-- Opening Marker --
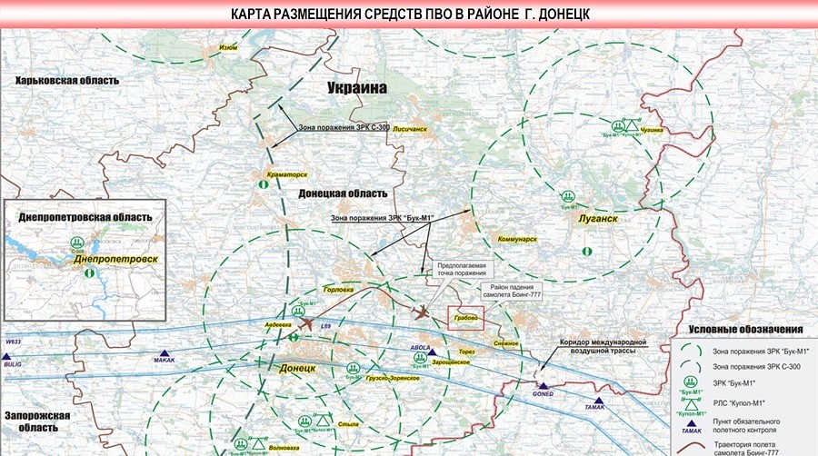 Всё это время рейс MH17 проходит не в транспортном коридоре, идёт на опасное сближение с другими двумя самолётами. Дополнительную напряжённость дают полётные ограничения по высоте, которые очень сильно сужают воздушный коридор. Почему днепропетровские диспетчеры сами не направили самолёт обратно в коридор? Причины видим только две – им это было не нужно, либо самолёт к этому времени уже был атакован.
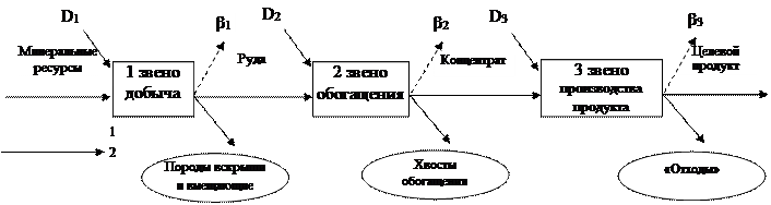 1 – направления потоков минерального вещества; 2 – направление потока дополнительного сырья, материалов, продуктов; β – количество выбросов исходного сырья в атмосферу; D – дополнительное сырье.
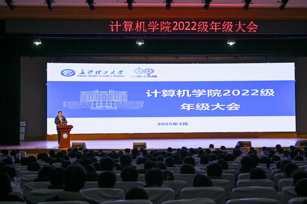 3月4日下午,计算机学院于金盆岭校区五教报告厅举行2022级本科生年级大会。计算机学院院党委副书记王觊婧、领航教育朱哲毅、22级辅导员唐菲楠出席,22级辅导员余泽宇主持。
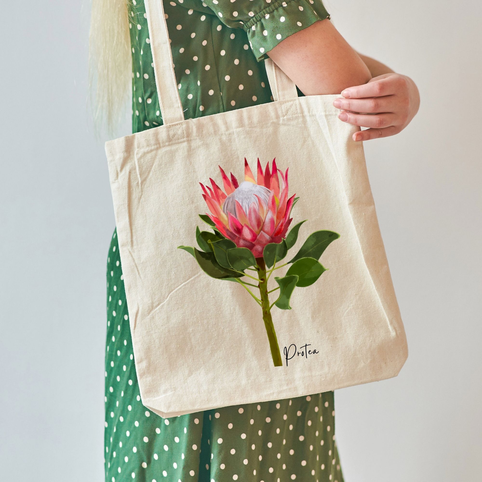 Our beautiful range of Native Australian Flora and Fauna cotton tote bag are designed in Australia. This beautiful colorful reddish pink Protea flower is highlighted on the beige cotton tote bag, which makes the floral print stands out. It is a high quality cotton tote bag which is versatile and durable bag, and come in a specially designed* packaging for easy sending and it makes the perfect gift for that someone special. Check out our other design ranges. *It has information about the flower.
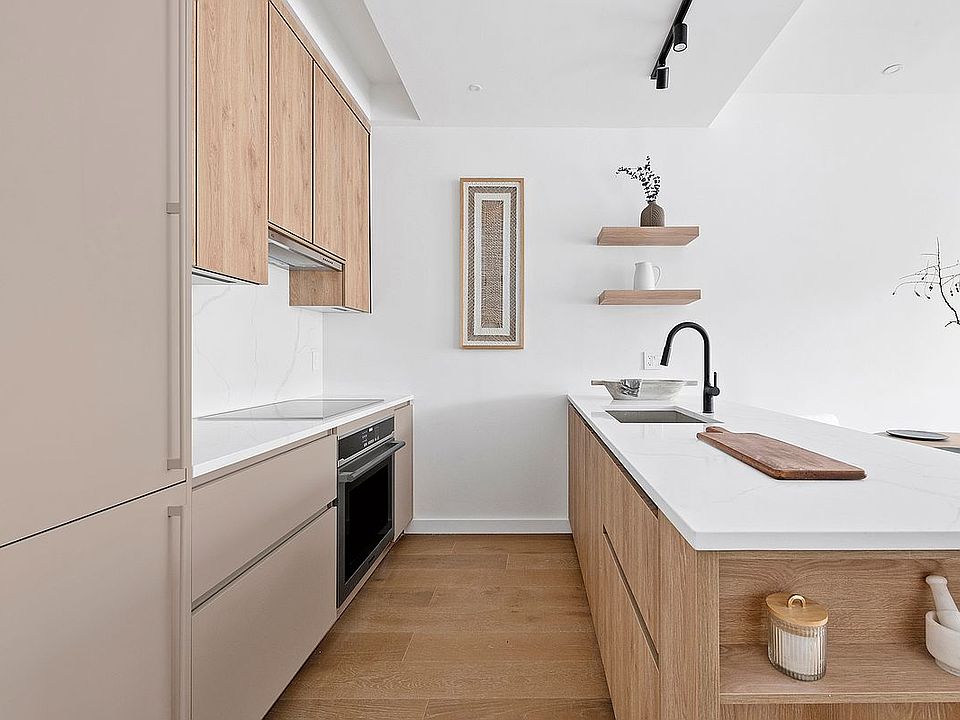Apartment 3A is a dream come true for anyone looking for a designer oversized 1-bedroom, 1-bathroom apartment. This sun-filled unit boasts 645 sq ft of living space, with 7.5 inch white oak floors that complement and incorporate the unit’s unique style. The open kitchen is a chef’s delight, outfitted with Blomberg appliances, including dishwasher, and a range/oven with vented XO hood. The custom cabinets provide plenty of storage for all your cooking needs, and the stainless steel sink sits in a well appointed quartz island with custom built in open storage. You will also appreciate the convenience of having a laundry closet with washer/dryer hookups. The unit comes with a deeded storage space.
-- Closing Marker --
[YOUR TASK] Above are records; repeat only the lines from the line with "1 – направления" through the line with "3月4日下午,计算机学院于金", and leave pictures out.

[SOLVED EXERCISE]
 1 – направления потоков минерального вещества; 2 – направление потока дополнительного сырья, материалов, продуктов; β – количество выбросов исходного сырья в атмосферу; D – дополнительное сырье.
 3月4日下午,计算机学院于金盆岭校区五教报告厅举行2022级本科生年级大会。计算机学院院党委副书记王觊婧、领航教育朱哲毅、22级辅导员唐菲楠出席,22级辅导员余泽宇主持。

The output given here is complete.